# REQUIREMENT
Excluding pictures, what does the listing below contain from the line with "6月3日,广州市发布第16号" up to and including the line with "of Jaipur (India).", word for word?

# PROVIDED INFORMATION
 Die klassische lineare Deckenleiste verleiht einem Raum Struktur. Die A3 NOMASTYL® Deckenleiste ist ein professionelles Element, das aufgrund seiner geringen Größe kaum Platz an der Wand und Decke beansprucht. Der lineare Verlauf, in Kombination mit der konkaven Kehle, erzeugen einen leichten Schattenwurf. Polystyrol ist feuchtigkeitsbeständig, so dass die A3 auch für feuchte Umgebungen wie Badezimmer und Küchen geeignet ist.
---
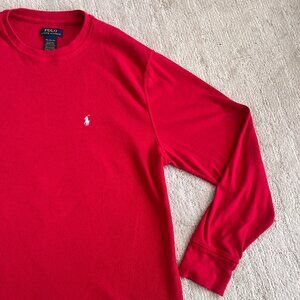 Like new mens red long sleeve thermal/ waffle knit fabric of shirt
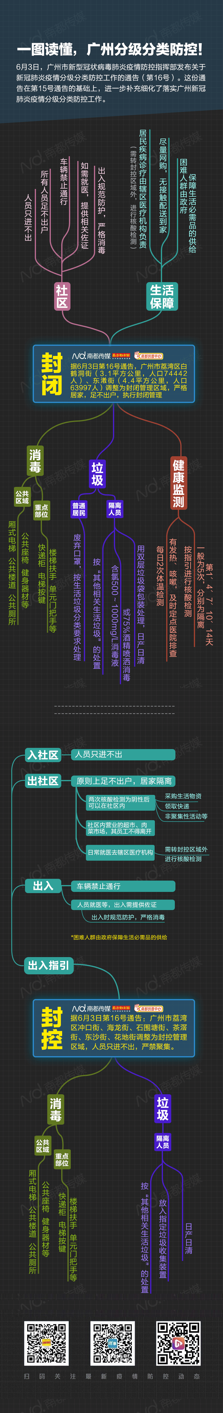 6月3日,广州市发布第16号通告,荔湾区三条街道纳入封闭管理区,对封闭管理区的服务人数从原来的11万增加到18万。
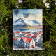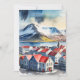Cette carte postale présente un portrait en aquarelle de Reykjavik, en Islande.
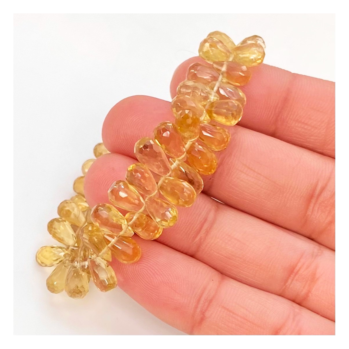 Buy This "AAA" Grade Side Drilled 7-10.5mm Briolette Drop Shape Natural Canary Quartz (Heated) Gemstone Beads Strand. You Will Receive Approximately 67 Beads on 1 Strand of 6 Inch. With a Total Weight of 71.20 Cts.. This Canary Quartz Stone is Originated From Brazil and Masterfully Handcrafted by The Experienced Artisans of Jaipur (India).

# RESPONSE AREA
 6月3日,广州市发布第16号通告,荔湾区三条街道纳入封闭管理区,对封闭管理区的服务人数从原来的11万增加到18万。
Cette carte postale présente un portrait en aquarelle de Reykjavik, en Islande.
 Buy This "AAA" Grade Side Drilled 7-10.5mm Briolette Drop Shape Natural Canary Quartz (Heated) Gemstone Beads Strand. You Will Receive Approximately 67 Beads on 1 Strand of 6 Inch. With a Total Weight of 71.20 Cts.. This Canary Quartz Stone is Originated From Brazil and Masterfully Handcrafted by The Experienced Artisans of Jaipur (India).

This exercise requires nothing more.